Goodman and Edson were looking for ways to improve the camp and to keep the older boys coming back. They looked at several sources in creating their new 'camp fraternity', including:
- Edward Cave's Boy's Camp Book (1914) for the concept of a camp society that would perpetuate camp traditions.
- College fraternities for the concepts of Brotherhood and rituals, and the idea of new members pledging themselves to the new organization.
- Ernest Thompson Seton's Woodcraft Indians In fact, the true name of the Order means Brotherhood of Cheerful Service in the Lenape language.
- Brotherhood of Andrew and Philip, a Presbyterian church youth group with which Goodman had been involved as a young man.
- Freemasonry and its traditions and rituals probably contributed more to the basic structure of the rituals than any other organization. In an interview with Carroll Edson during his later years, he recalled that the task of writing the first rituals of the Order of the Arrow was assigned to an early member who was "a 32nd degree Mason." Familiar terms such as "lodge" and "obligation," were borrowed from Masonic practice, as were some ceremonial practices. Even the early national meeting was called a "Grand Lodge," thought to be a Masonic reference. Goodman became a Mason only after the OA was established.
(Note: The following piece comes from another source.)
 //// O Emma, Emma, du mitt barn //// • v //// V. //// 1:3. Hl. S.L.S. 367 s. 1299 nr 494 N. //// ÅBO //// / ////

The Order earned official recognition as a BSA program experiment in 1922, along with several other honor societies. It acquired its present name at the same time. A meeting of the National Lodge at the Owasippe Scout Reservation in 1933 voted to recommend that the BSA adopt it as part of its official program, which the National Council did in 1934. Full integration was completed in 1948.
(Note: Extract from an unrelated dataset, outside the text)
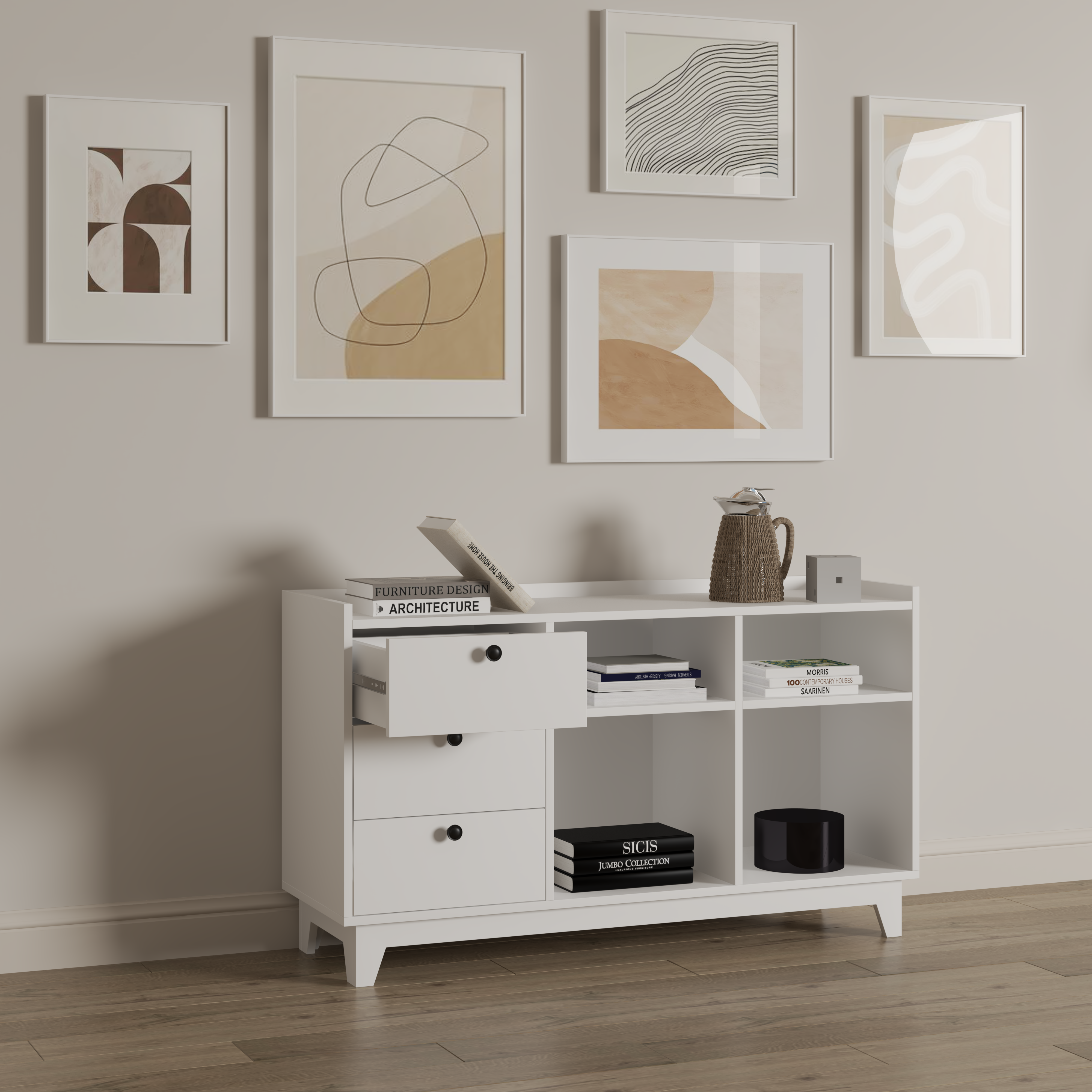kích thước Rộng 160cm, cao 74cm, sâu 20cm chất liệu Gỗ MDF / Độ Dày 17mm mô hình Tháo Lắp Ráp trọng lượng 30kg màu sắc Trắng - Đen - Vân Sồi ####

Philadelphia Council also had several other OA lodges in the early days of the OA (an early bylaw allowed each Scout camp within a "first class council" to have its own OA lodge). A second Philadelphia Lodge (Unalachtigo, 8) based on the Turkey Clan of the Delawares is soon established at Philadelphia Council's Camp Biddle. The others folded to become part of Unami Lodge after bylaw changes and camp closures.
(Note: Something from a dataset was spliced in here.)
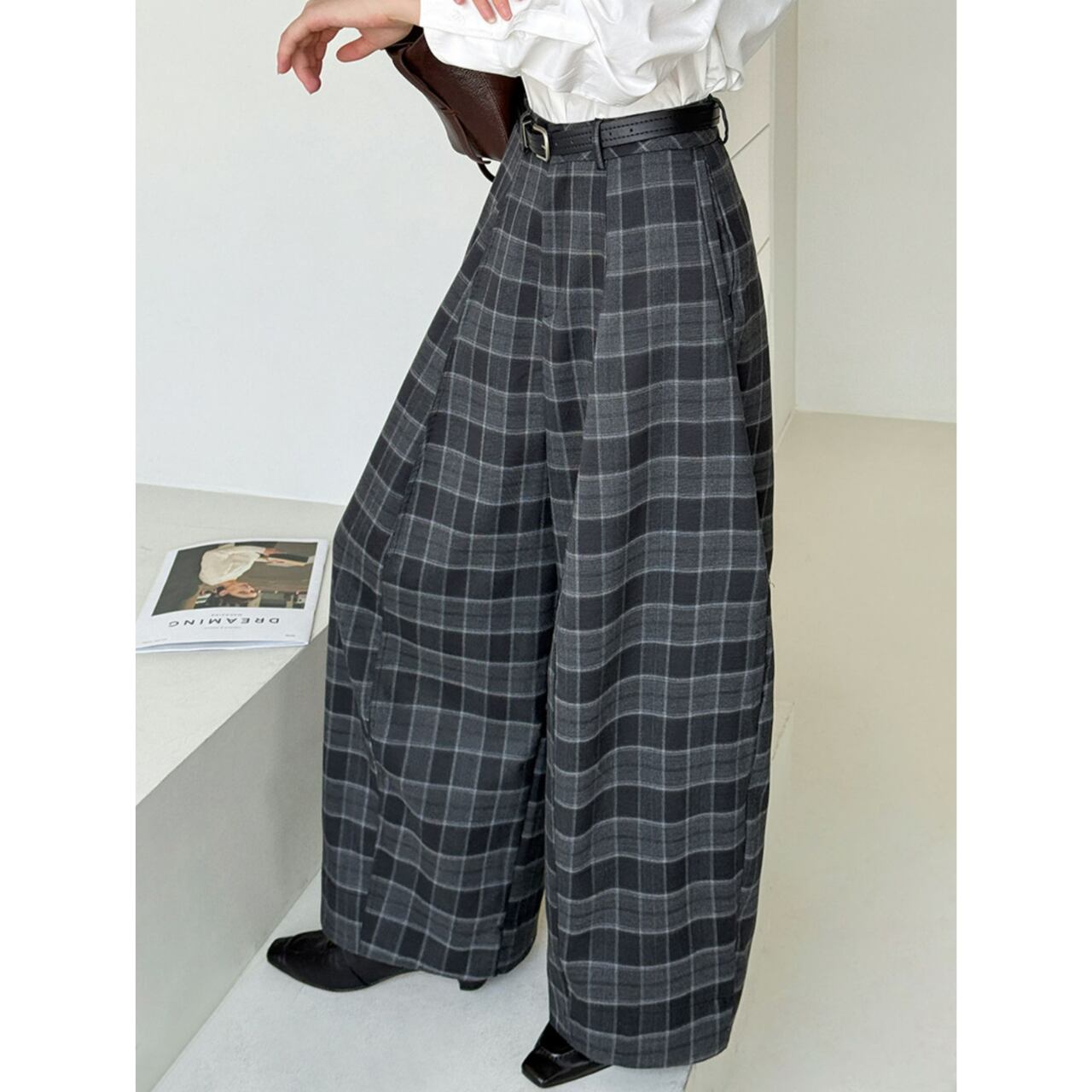 チェック柄ワイドパンツ N00151

Goodman wanted to develop methods to teach the scouts that proficiency in Scoutcraft skills was not enough, but that the principles embodied in the Scout Oath and Scout Law should be integrated in their lives. He developed a program based on peer recognition and the appeal of Indian lore. He used Ernest Thompson Seton's Woodcraft Indians to make the organization interesting and appealing to youth, which led them to incorporating traditions and legends of the local Lenni Lenape (Delaware) Indians in the OA's ceremonies.

Edson and others helped research the history and language of the Delaware Indians who had been local to the area. The induction ceremonies developed for the lodge, would go on to be the foundation of all the ceremonies of the "Order of the Arrow."

===Delmont Lodge===

Delmont Lodge was the Order of the Arrow Lodge of the Valley Forge Council, Boy Scouts of America (BSA). It was the 43rd chartered OA lodge. With the merger of Valley Forge Council and Philadelphia Council in 1996 to form the Cradle of Liberty Council, Delmont Lodge and Unami Lodge merged at that time. The chiefs of each lodge agreed to preserve Unami's rich history and traditions by retaining the founding lodge's name and number. Delmont Lodge's history, including its roster of Vigil Honor and Founder's Award recipients, are preserved as part of Unami Lodge's history. The lodge's totem was the Seville Memorial Cabin.